» **PROBLEM DETAILS**:
All lines in the records below from the line with "Mix de Cogumelos" through the line with "为提高tyc539太阳集团同" are to be given again exactly, both ends included; the pictures are to be left out.

» **EXTRACTED MATERIAL**:

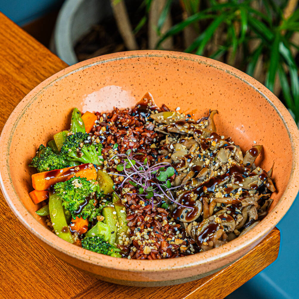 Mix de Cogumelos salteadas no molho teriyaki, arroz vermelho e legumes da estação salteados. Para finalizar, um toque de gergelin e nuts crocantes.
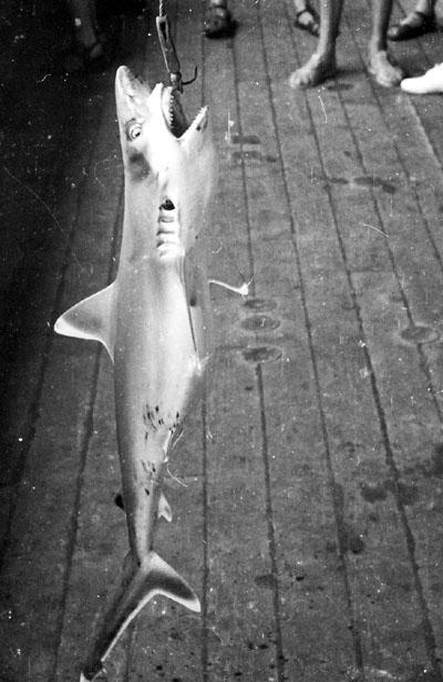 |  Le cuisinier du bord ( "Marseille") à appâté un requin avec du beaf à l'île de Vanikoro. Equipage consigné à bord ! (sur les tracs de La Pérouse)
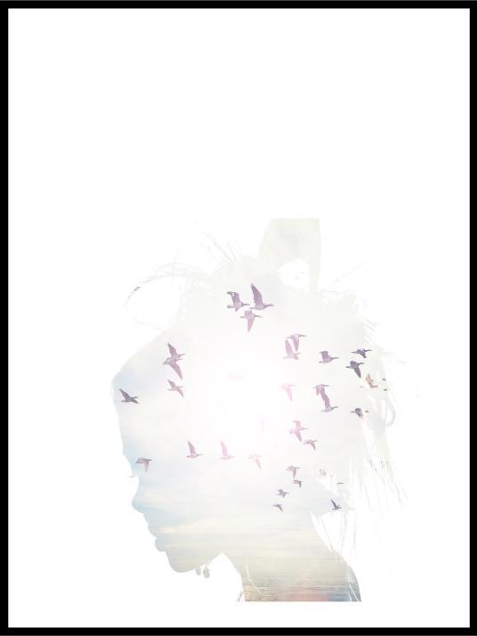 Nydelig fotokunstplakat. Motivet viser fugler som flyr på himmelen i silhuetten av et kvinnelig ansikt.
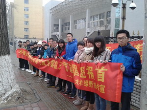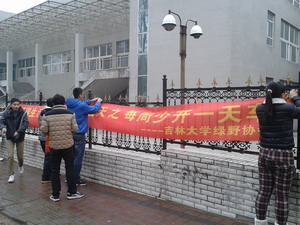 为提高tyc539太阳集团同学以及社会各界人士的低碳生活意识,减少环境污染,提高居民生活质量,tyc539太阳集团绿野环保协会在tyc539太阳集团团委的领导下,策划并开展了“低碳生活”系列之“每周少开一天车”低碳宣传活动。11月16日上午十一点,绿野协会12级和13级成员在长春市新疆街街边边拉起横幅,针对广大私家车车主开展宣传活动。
...
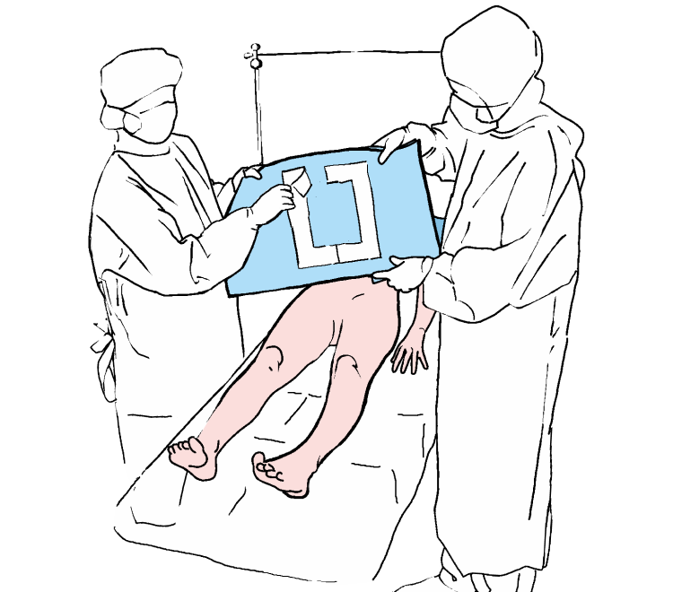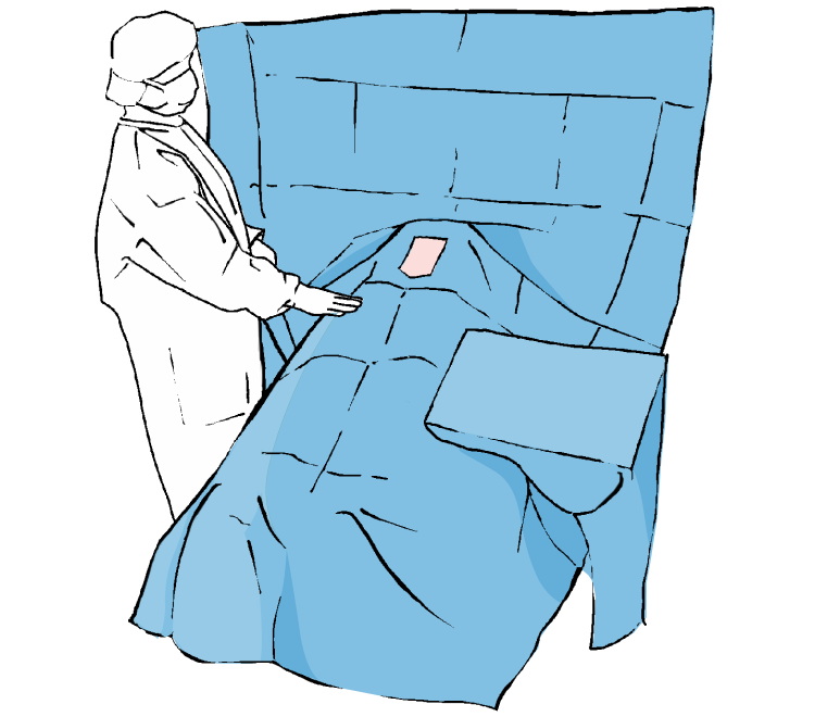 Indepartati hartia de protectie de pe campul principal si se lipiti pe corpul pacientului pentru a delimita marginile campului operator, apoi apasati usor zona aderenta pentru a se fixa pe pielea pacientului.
...
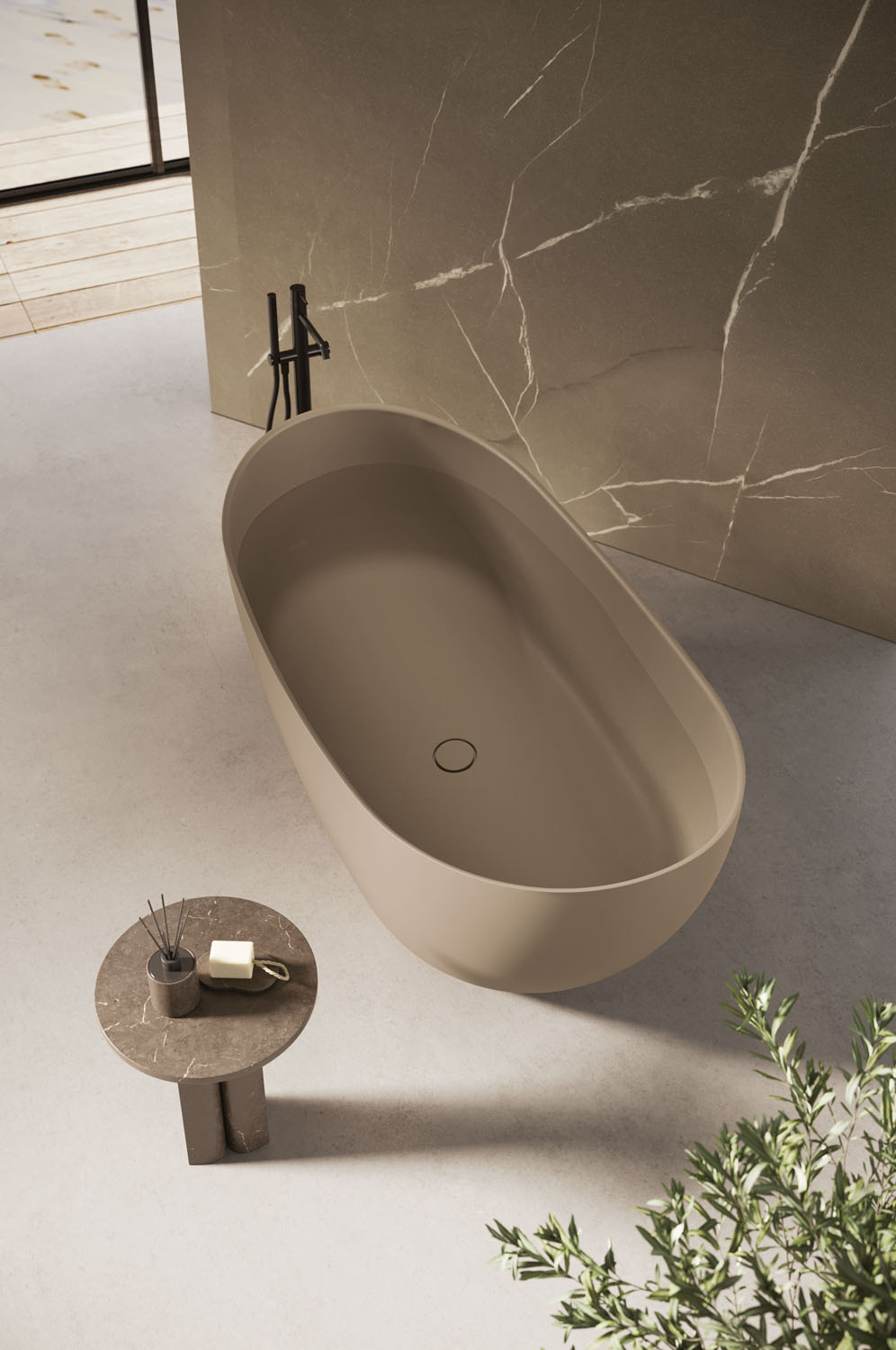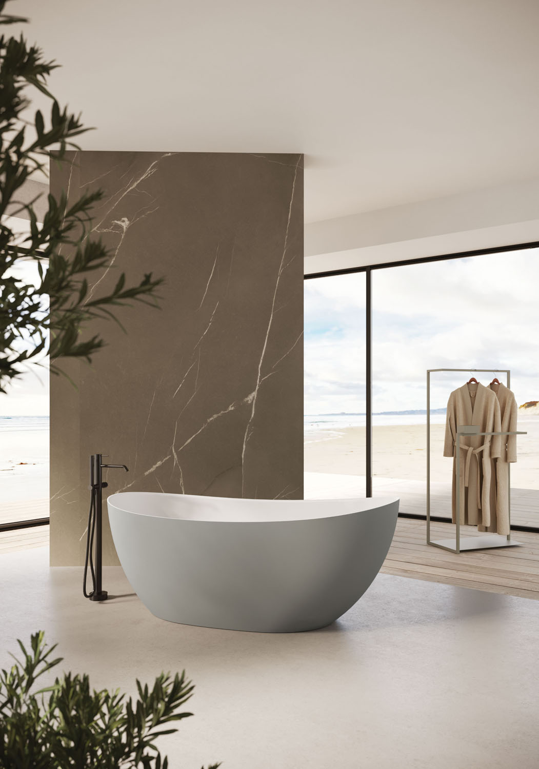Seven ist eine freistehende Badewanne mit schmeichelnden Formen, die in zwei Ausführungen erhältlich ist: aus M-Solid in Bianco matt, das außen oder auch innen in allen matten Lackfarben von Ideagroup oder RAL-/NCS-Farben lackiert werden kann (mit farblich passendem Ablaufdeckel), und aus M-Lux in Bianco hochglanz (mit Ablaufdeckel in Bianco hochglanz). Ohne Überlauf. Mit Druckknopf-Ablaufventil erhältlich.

» **ANSWER TO THE EXERCISE**:
 Mix de Cogumelos salteadas no molho teriyaki, arroz vermelho e legumes da estação salteados. Para finalizar, um toque de gergelin e nuts crocantes.
 |  Le cuisinier du bord ( "Marseille") à appâté un requin avec du beaf à l'île de Vanikoro. Equipage consigné à bord ! (sur les tracs de La Pérouse)
 Nydelig fotokunstplakat. Motivet viser fugler som flyr på himmelen i silhuetten av et kvinnelig ansikt.
 为提高tyc539太阳集团同学以及社会各界人士的低碳生活意识,减少环境污染,提高居民生活质量,tyc539太阳集团绿野环保协会在tyc539太阳集团团委的领导下,策划并开展了“低碳生活”系列之“每周少开一天车”低碳宣传活动。11月16日上午十一点,绿野协会12级和13级成员在长春市新疆街街边边拉起横幅,针对广大私家车车主开展宣传活动。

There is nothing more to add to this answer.